Certain reclassifications were made to prior periods' amounts to conform to the 2014 presentation, which relates to the realignment of our reporting segments that became effective during the fourth quarter of 2013.
We prepared the accompanying unaudited consolidated financial statements in accordance with United States ("U.S.") generally accepted accounting principles ("U.S. GAAP") for interim financial information and the instructions to the Quarterly Report on Form 10-Q and Article 10 of Regulation S-X issued by the U.S. Securities and Exchange Commission ("SEC"). Accordingly, they do not include all of the information and notes required by U.S. GAAP for comprehensive annual financial statements.
The accompanying unaudited consolidated financial statements have been prepared in accordance with accounting policies described in our Annual Report on Form 10-K for the year ended October 31, 2013, which should be read in conjunction with the disclosures therein. In our opinion, these interim consolidated financial statements reflect all adjustments, consisting of normal recurring adjustments, necessary to present fairly the financial condition, results of operations, and cash flows for the periods presented. Operating results for interim periods are not necessarily indicative of annual operating results.

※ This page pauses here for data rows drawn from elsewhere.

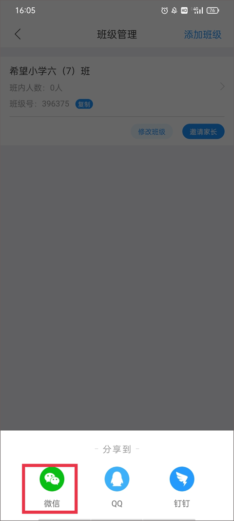 4、页面下方弹出了三个分享方式:微信、QQ、钉钉,选择其中一个之后将链接发出去,家长点进这个链接之后就可以进入到班级里查看自身孩子的学习情况了。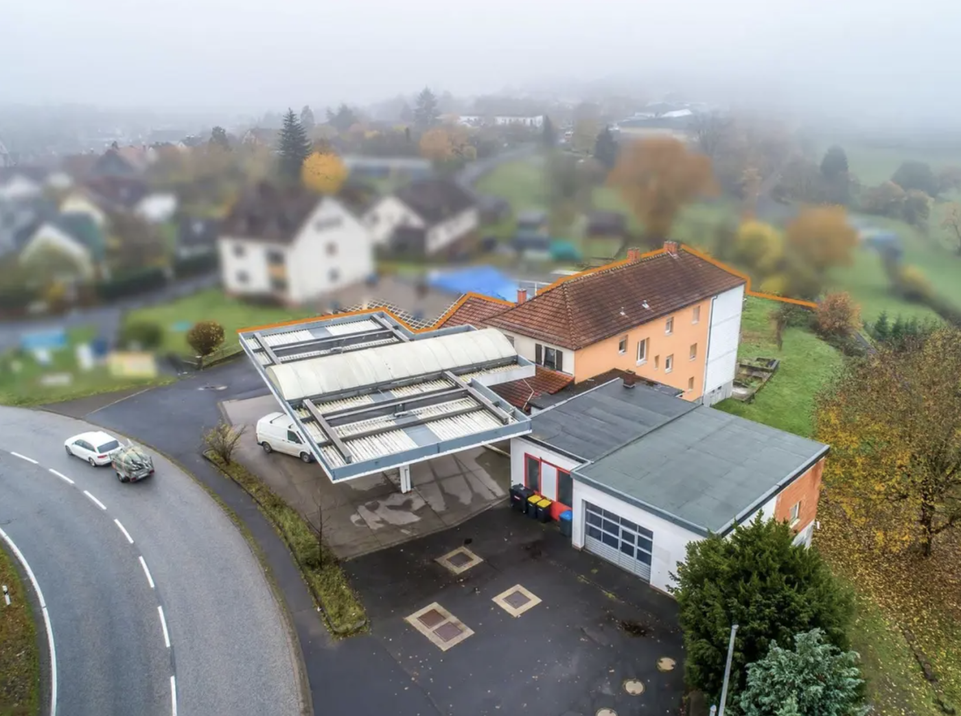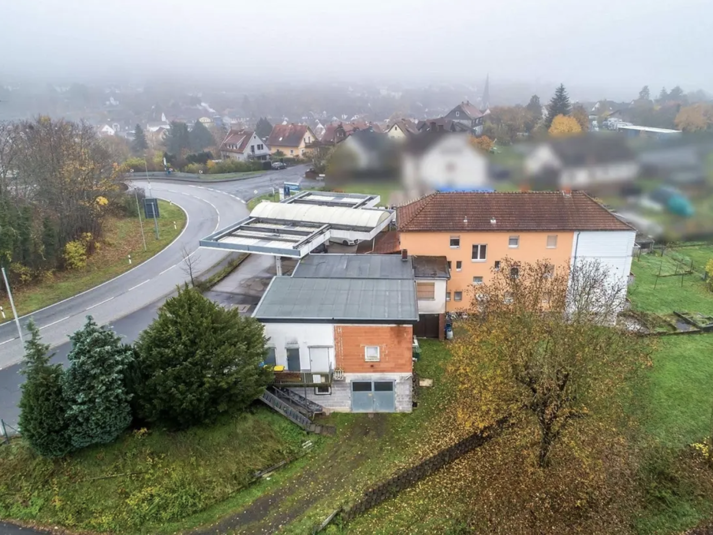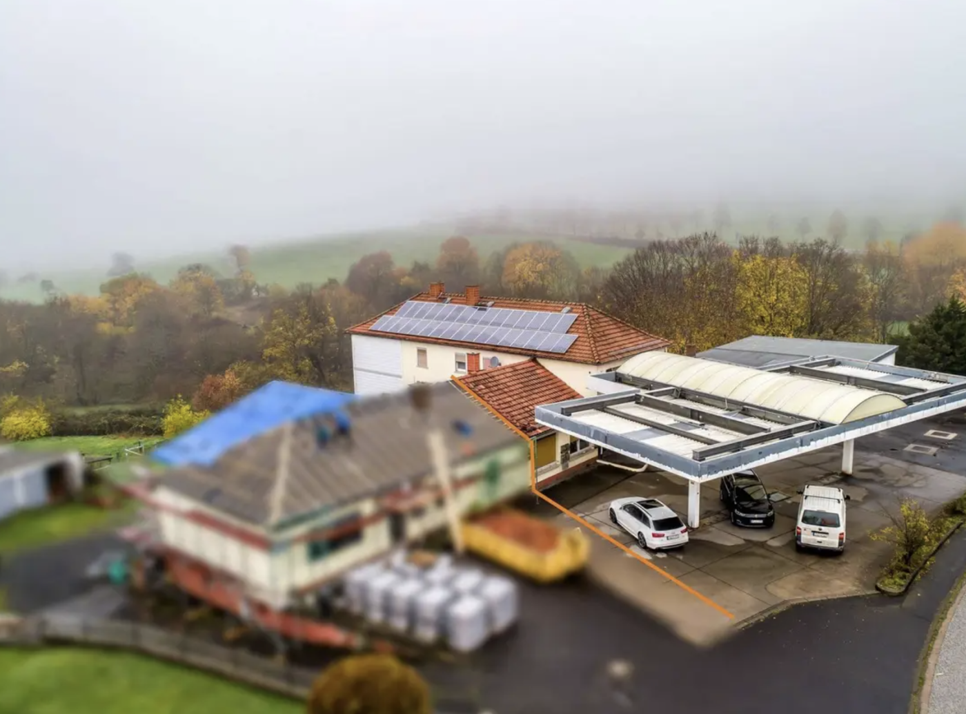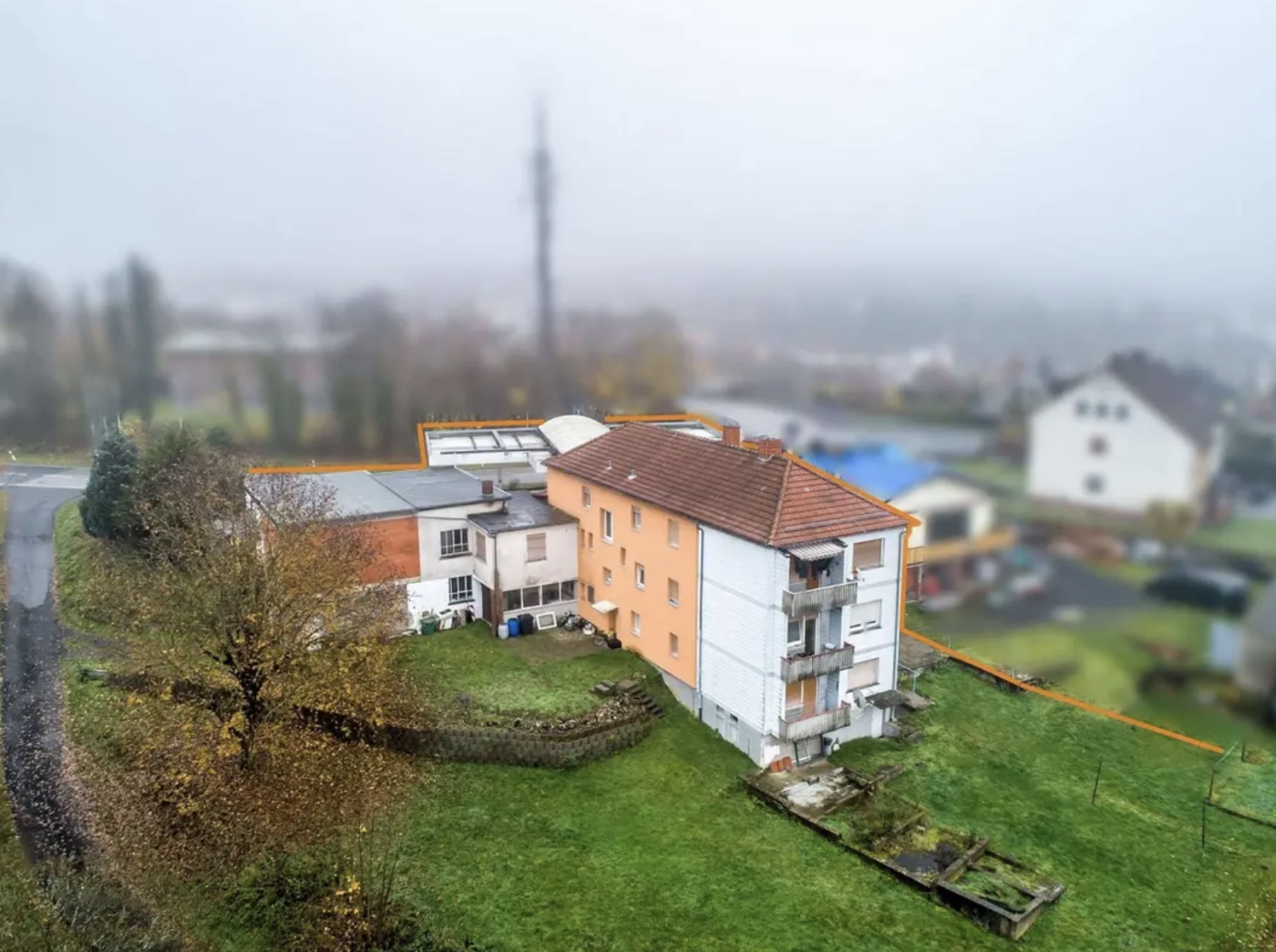 This residential and commercial building is located on the outskirts of Schotten and has a direct view of the
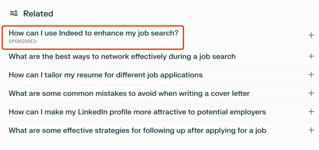 其次,广告会被清晰标注为“Sponsored”(赞助内容),和正常回答有明显区分。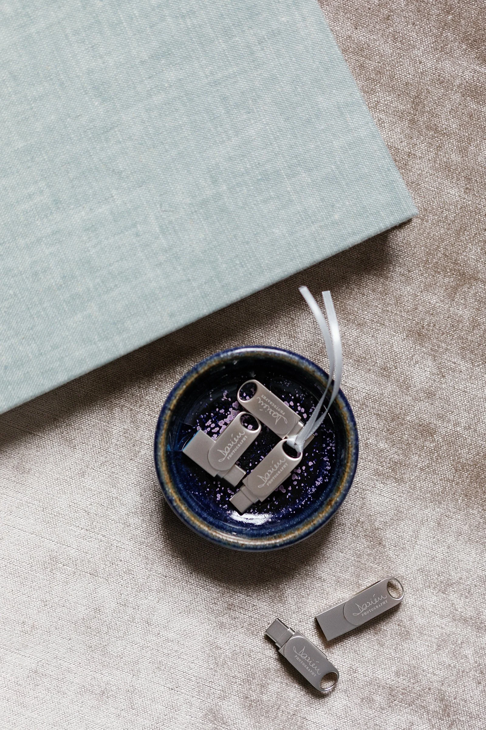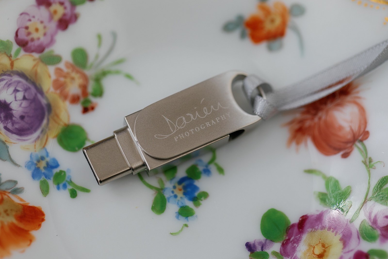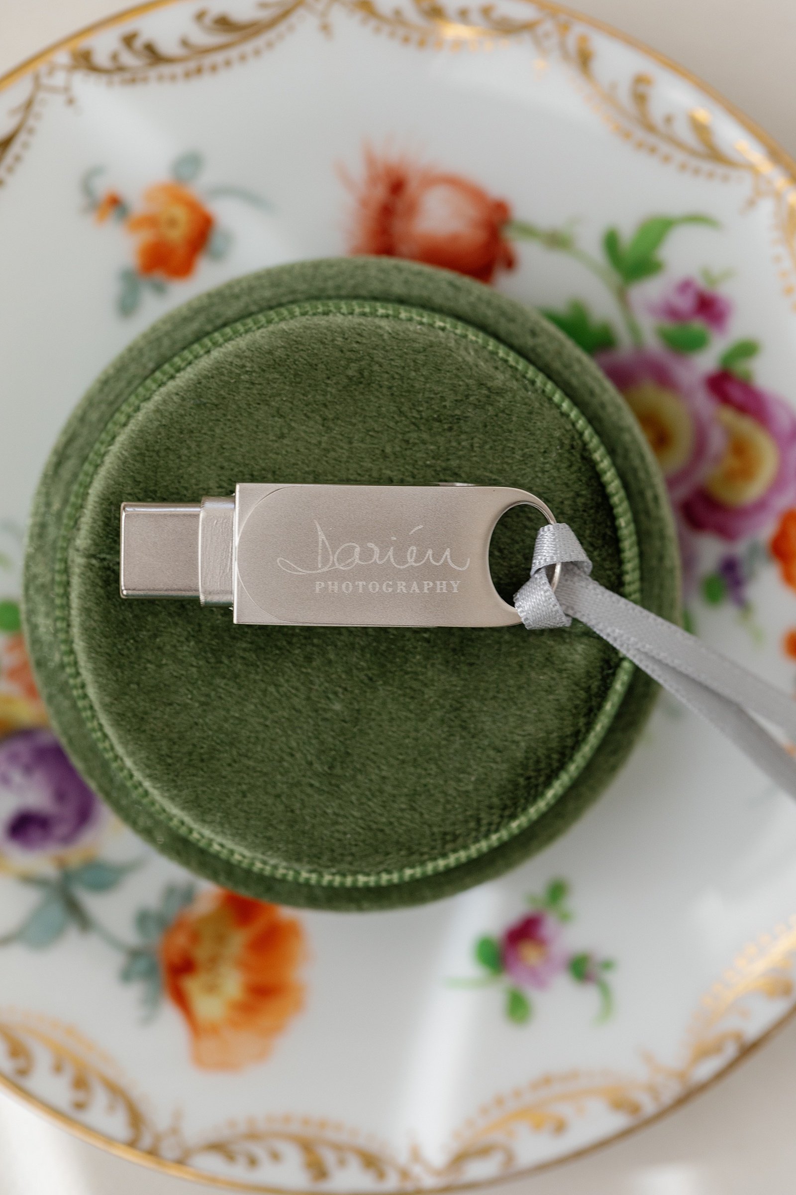 Custom USB Flash Drive branded with Darien Photography’s logo. A perfect gift for wedding clients who want to keep their digital photo files safely backed up and accessible.

Variable Interest Entities
Variable Interest Entities
We have an interest in several VIEs, primarily joint ventures, established to manufacture or distribute products and enhance our operational capabilities. We have determined for certain of our VIEs that we are the primary beneficiary because we have the power to direct the activities of the VIE that most significantly impact the VIE's economic performance and have the obligation to absorb losses of the VIE that could potentially be significant to the VIE or the right to receive benefits from the VIE that could potentially be significant to the VIE. Accordingly, we include in our consolidated financial statements the assets and liabilities and results of operations of those entities, even though we may not own a majority voting interest. The liabilities recognized as a result of consolidating these VIEs do not represent additional claims on our general assets; rather they represent claims against the specific assets of these VIEs. Assets of these entities are not readily available to satisfy claims against our general assets.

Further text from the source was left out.